*** Opening Given records ***
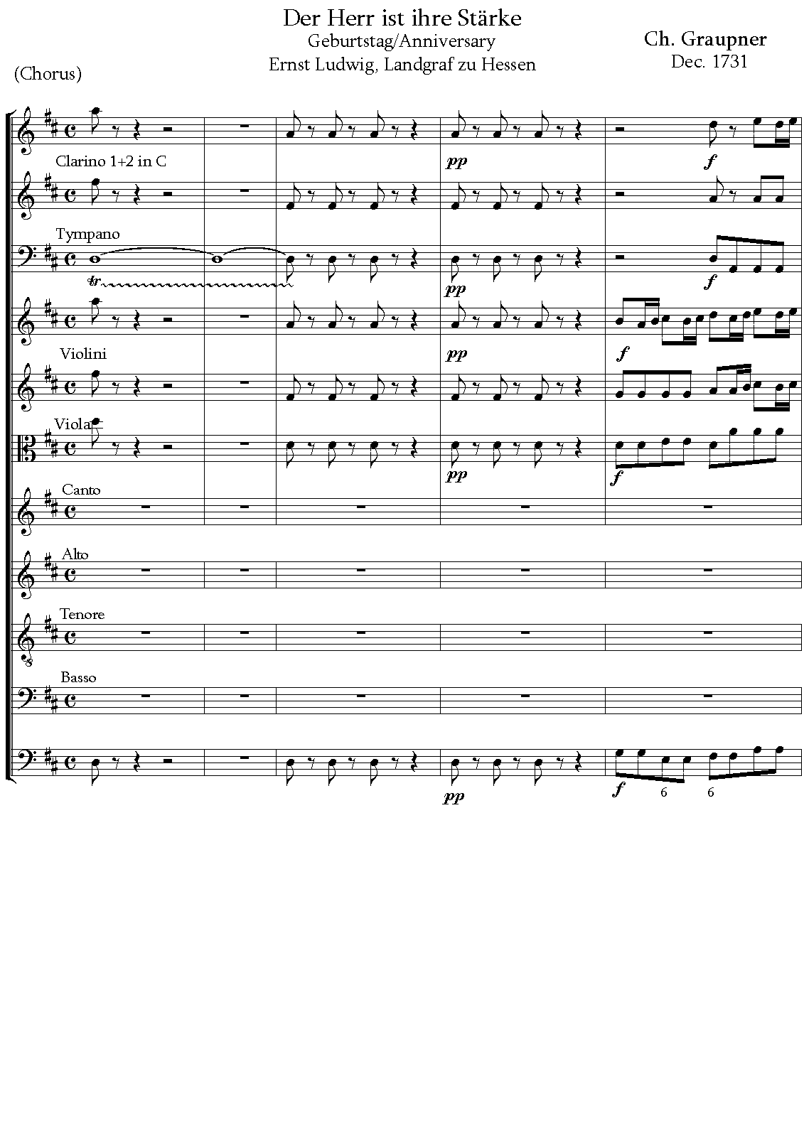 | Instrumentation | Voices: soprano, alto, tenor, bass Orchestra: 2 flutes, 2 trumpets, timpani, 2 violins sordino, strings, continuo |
*** Closing Given records ***
*** Opening Given records ***
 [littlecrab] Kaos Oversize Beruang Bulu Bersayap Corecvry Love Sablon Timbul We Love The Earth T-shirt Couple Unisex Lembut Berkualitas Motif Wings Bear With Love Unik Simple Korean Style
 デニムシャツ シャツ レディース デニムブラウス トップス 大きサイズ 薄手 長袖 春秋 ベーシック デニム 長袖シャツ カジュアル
*** Closing Given records ***
• Work required: What you return must be an exact retyping of the lines above starting at the line with "[littlecrab] Kaos Oversize" and ending at the line with "デニムシャツ シャツ レディース", and nothing besides.

• Solution to the exercise:
 [littlecrab] Kaos Oversize Beruang Bulu Bersayap Corecvry Love Sablon Timbul We Love The Earth T-shirt Couple Unisex Lembut Berkualitas Motif Wings Bear With Love Unik Simple Korean Style
 デニムシャツ シャツ レディース デニムブラウス トップス 大きサイズ 薄手 長袖 春秋 ベーシック デニム 長袖シャツ カジュアル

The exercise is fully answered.